#### DATASET EXTRACT
---------------
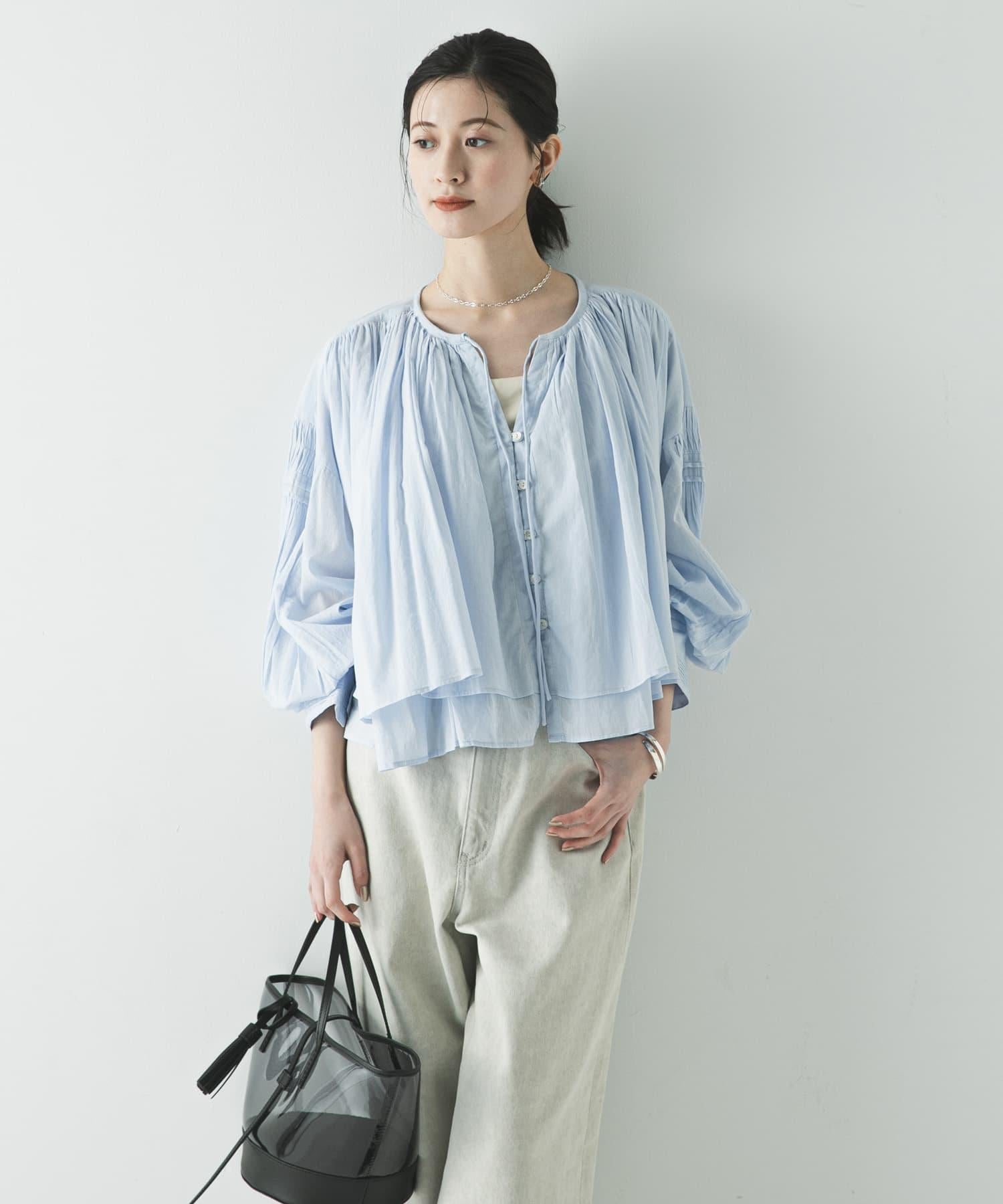 雙層衣身減少了薄面料特有的透明感,同時提供了柔軟蓬鬆的穿著體驗,無需擔心內衣的問題。
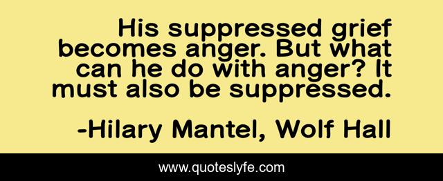 This page presents the quote "His suppressed grief becomes anger. But what can he do with anger? It must also be suppressed.". Author of this quote is Hilary Mantel, Wolf Hall. This quote is about suppressed-anger, grief, thomas-cromwell, suppression, anger, 1521-1529, an-occult-history-of-britain,.
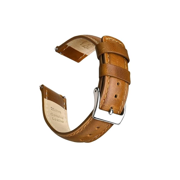 SUNFWR Quick Release Leather Watch Band 18mm 20mm 22mm 24mm for Men Women, Vintage Genuine Leather Strap for Samsung Galaxy Watch 6/Classic/Gear S3/Garmin/Huawei/Timex Watch Bands
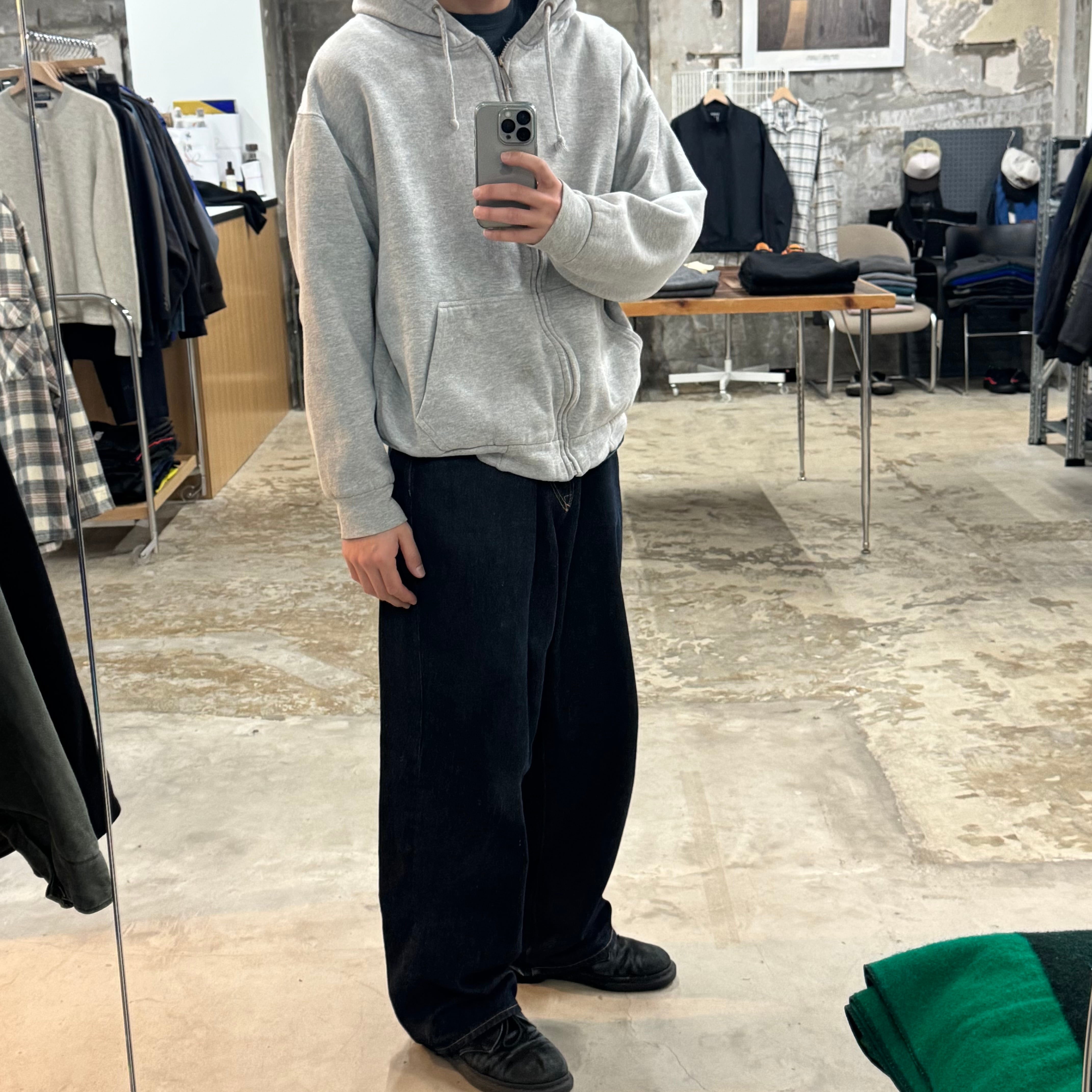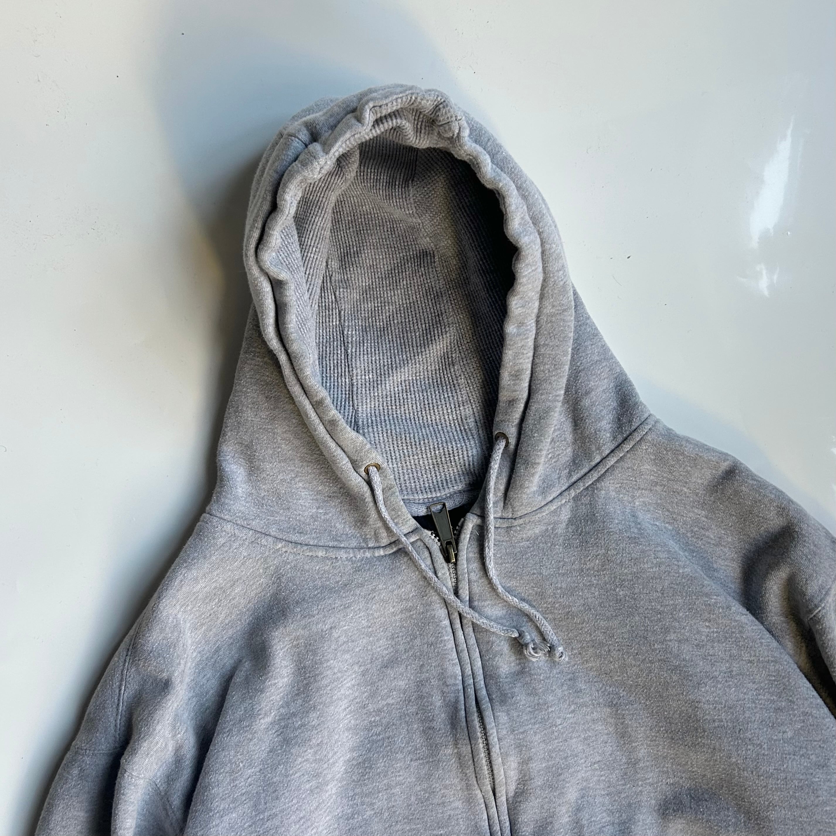 いい感じにやる気なさげな形◎ 裏サーマルです •SIZE XL 肩幅 61cm 袖丈 55.5cm 身幅 68cm 着丈 59cm 175cm着用 •MATERIAL Cotton60% Polyester40% •COLOR グレー •CONDITION フロントにシミあり 写真参照 ya6486
---------------
#### DESCRIPTION OF THE TASK
All of the data above should be quoted exactly, except for the pictures.

#### TASK OUTPUT
 雙層衣身減少了薄面料特有的透明感,同時提供了柔軟蓬鬆的穿著體驗,無需擔心內衣的問題。
 This page presents the quote "His suppressed grief becomes anger. But what can he do with anger? It must also be suppressed.". Author of this quote is Hilary Mantel, Wolf Hall. This quote is about suppressed-anger, grief, thomas-cromwell, suppression, anger, 1521-1529, an-occult-history-of-britain,.
 SUNFWR Quick Release Leather Watch Band 18mm 20mm 22mm 24mm for Men Women, Vintage Genuine Leather Strap for Samsung Galaxy Watch 6/Classic/Gear S3/Garmin/Huawei/Timex Watch Bands
 いい感じにやる気なさげな形◎ 裏サーマルです •SIZE XL 肩幅 61cm 袖丈 55.5cm 身幅 68cm 着丈 59cm 175cm着用 •MATERIAL Cotton60% Polyester40% •COLOR グレー •CONDITION フロントにシミあり 写真参照 ya6486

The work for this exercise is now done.